International Journal of Biomaterials Research and Engineering ◽

10.4018/ijbre.2011010102 ◽

2011 ◽

Vol 1 (1) ◽

pp. 18-31 ◽

Cited By ~ 10

Author(s):

Yi Zhang ◽

Richard T. Tran ◽

Dipendra Gyawali ◽

Jian Yang

Keyword(s):

Mechanical Properties ◽

Tissue Engineering ◽

Soft Tissue ◽

Hexamethylene Diisocyanate ◽

Elongation At Break ◽

Thermally Induced ◽

Molar Ratios ◽

3D Network ◽

Soft Tissue Engineering

Finding an ideal biomaterial with the proper mechanical properties and biocompatibility has been of intense focus in the field of soft tissue engineering. This paper reports on the synthesis and characterization of a novel crosslinked urethane-doped polyester elastomer (CUPOMC), which was synthesized by reacting a previously developed photocrosslinkable poly (octamethylene maleate citrate) (POMC) prepolymers (pre-POMC) with 1,6-hexamethylene diisocyanate (HDI) followed by thermo- or photo-crosslinking polymerization.

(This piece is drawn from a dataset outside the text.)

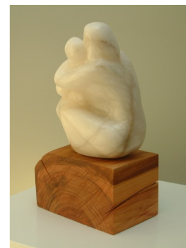
"Amore materno", "Moederliefde"

Witte Albast met aders die naar voren komen bij het polijsten. Champagne Albast met haar subtiele bloemige kleurnuances. Tijgeroog Albast die het licht lijkt op te nemen. Allen geven zij deze steen in haar verscheidenheid een pakkende uitstraling, waarbij dynamiek ontstaat door de speling van het licht. De " Steen van het Licht " verandert: " binnenste-buiten ".

The mechanical properties of the CUPOMCs can be tuned by controlling the molar ratios of pre-POMC monomers, and the ratio between the prepolymer and HDI. CUPOMCs can be crosslinked into a 3D network through polycondensation or free radical polymerization reactions. The tensile strength and elongation at break of CUPOMC synthesized under the known conditions range from 0.73±0.12MPa to 10.91±0.64MPa and from 72.91±9.09% to 300.41±21.99% respectively. Preliminary biocompatibility tests demonstrated that CUPOMCs support cell adhesion and proliferation. Unlike the pre-polymers of other crosslinked elastomers, CUPOMC pre-polymers possess great processability demonstrated by scaffold fabrication via a thermally induced phase separation method. The dual crosslinking methods for CUPOMC pre-polymers should enhance the versatile processability of the CUPOMC used in various conditions. Development of CUPOMC should expand the choices of available biodegradable elastomers for various biomedical applications such as soft tissue engineering.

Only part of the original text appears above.